Creates and returns a GroqTextModel for the given model ID. The returned object implements TextModelInterface and can be passed directly to Generate::text()->model(...).
Creating a text model from the provider
use AiSdk\Generate;
use AiSdk\Groq\GroqOptions;
use AiSdk\Groq\GroqProvider;

$provider = new GroqProvider(new GroqOptions(apiKey: 'gsk-...'));

$result = Generate::text()
    ->model($provider->textModel('llama-3.3-70b-versatile'))
    ->prompt('What is the speed of light?')
    ->run();

echo $result->text;
modelId
string
required
The Groq model identifier (e.g. 'llama-3.3-70b-versatile', 'llama-4-scout-17b-16e-instruct'). The value is passed through to the underlying GroqTextModel without validation; an invalid ID will produce an API-level error when the model is invoked.
returns
TextModelInterface
A GroqTextModel instance implementing AiSdk\Contracts\TextModelInterface.
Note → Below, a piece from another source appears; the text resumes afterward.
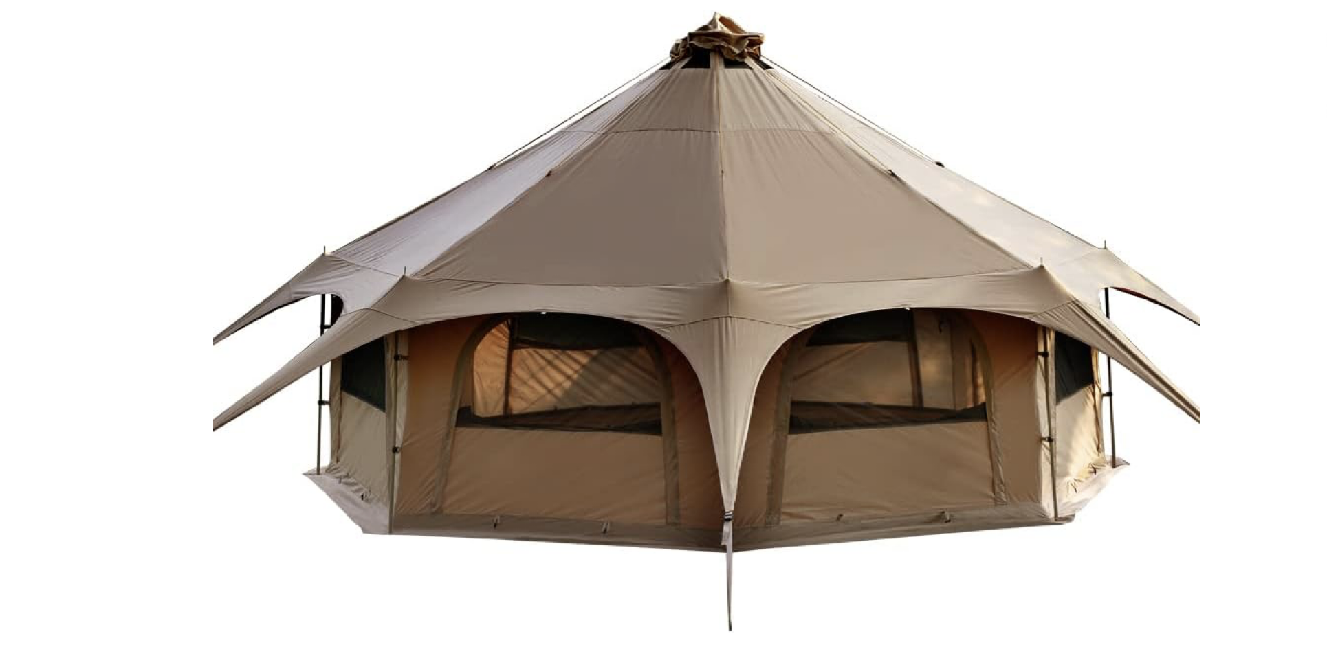 TOMOUNT ベルテント 5m TCには、8つのメッシュ窓とドアがあります。この設計が、このテントの快適性を大きく高めています。

The model captures the provider’s GroqOptions and the resolved model registry so that capability checks and HTTP requests are fully configured.

Using multiple providers

Because GroqProvider is a plain object, you can hold multiple instances simultaneously — useful when your application needs to fan out requests across different Groq API keys or route to a proxy for specific environments:
Multiple independent providers
use AiSdk\Generate;
use AiSdk\Groq\GroqOptions;
use AiSdk\Groq\GroqProvider;

$primary = new GroqProvider(new GroqOptions(
    apiKey: getenv('GROQ_API_KEY_PRIMARY'),
));

$fallback = new GroqProvider(new GroqOptions(
    apiKey:  getenv('GROQ_API_KEY_FALLBACK'),
    baseUrl: 'https://proxy.example.com/groq/v1',
));

// Route to primary; fall back on exception.
try {
    $result = Generate::text()
        ->model($primary->textModel('llama-3.3-70b-versatile'))
        ->prompt('Hello!')
        ->run();
} catch (\Throwable $e) {
    $result = Generate::text()
        ->model($fallback->textModel('llama-3.3-70b-versatile'))
        ->prompt('Hello!')
        ->run();
}
When using a single global provider, prefer the Groq facade over managing a GroqProvider instance yourself. The facade’s lazy-singleton pattern means you get the same object on every call without any manual wiring.